De Lima and Ristedt also commented on the effectiveness of COVID-19 in-home tests versus the polymerase chain reaction (PCR) tests administered at testing sites and hospitals.

Both said that the PCR test is more accurate, but a person who has symptoms or was exposed to someone with COVID-19 and tests positive with an at-home test can trust that they do have the virus.

If someone is experiencing symptoms but tests negative with an at-home test, de Lima and Ristedt said that person should confirm the results with a PCR test.

De Lima said that patients admitted to CMC are tested for COVID-19. She said that in some cases, a person may come in with, for example, a broken bone, but test positive for COVID-19, which impacts the hospital’s COVID-19 statistics.

She said for the last few months, CMC has seen five to 10 patients in the hospital with COVID-19 on any given day, and the hospital is still seeing those numbers, even with the new variant.

De Lima also said she doesn’t want to downplay the severity of the disease. Still, her hope is that in its next phase, COVID-19 is becoming a seasonal virus similar to the cold or flu virus.
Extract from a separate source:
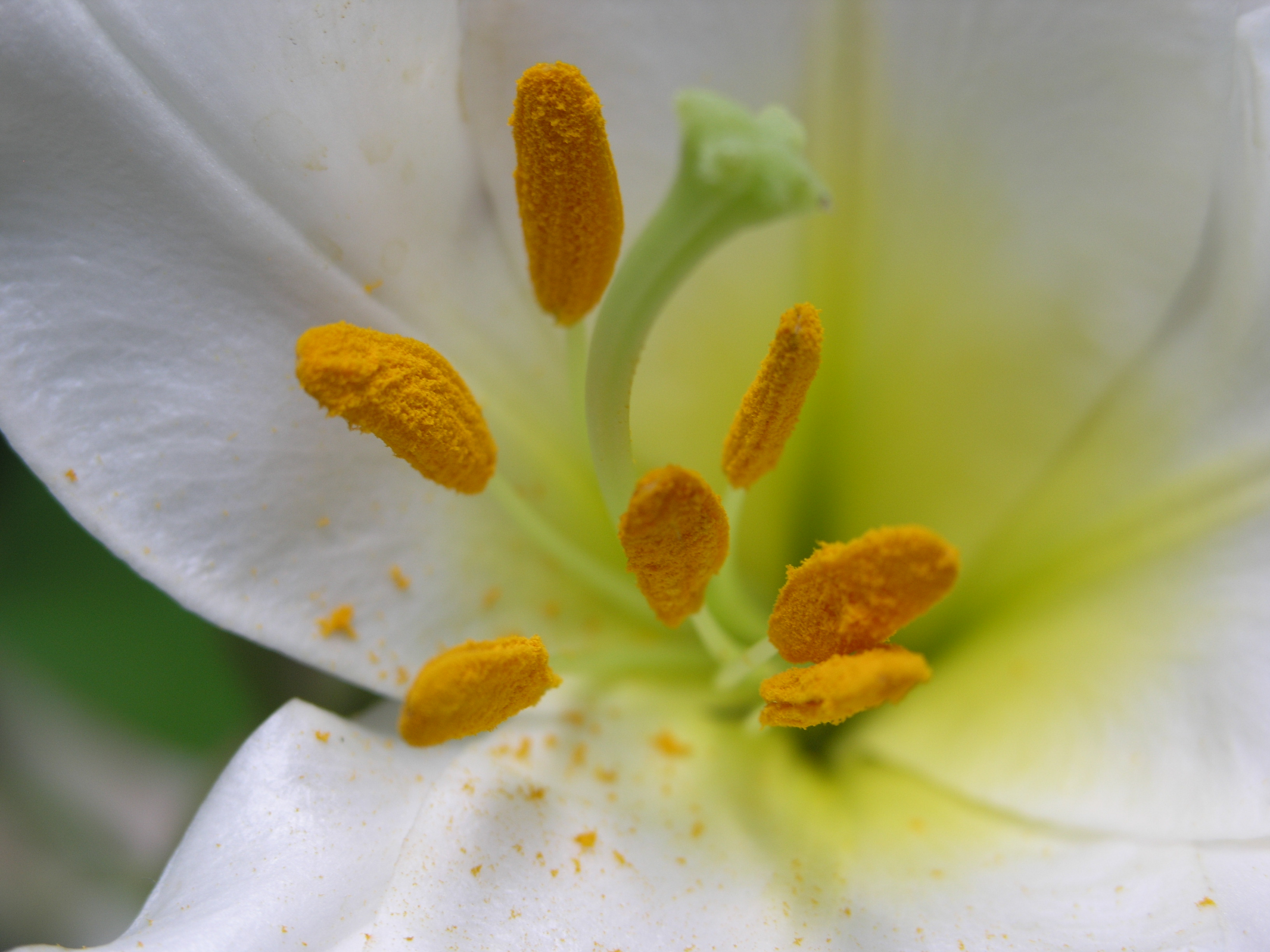 Inner part of a flower with stamens in the foreground

“I’m always optimistic. I think we’re going to learn to live with it; I don’t think we’re going to be able to get rid of it. I think COVID is here, like many other viruses, to stay. I think we’re evolving in the way we live with it,” she said. “Outside of the health care setting, people really moved on from COVID and wanted to live their life, and I think that’s eventually the goal that we’re going to get to. Hopefully in the future, getting COVID is like getting the flu – if it happens, you get treated. You get better and move on.”

In the meantime, de Lima said people should feel free to live their lives while taking precautions when necessary.

“COVID is very different now than what it was in 2020,” she said. “The message is that the situation is evolving. We still need to be careful and do all the things we can to protect ourselves, but life continues, and we need to continue to live our lives to the fullest while being careful.”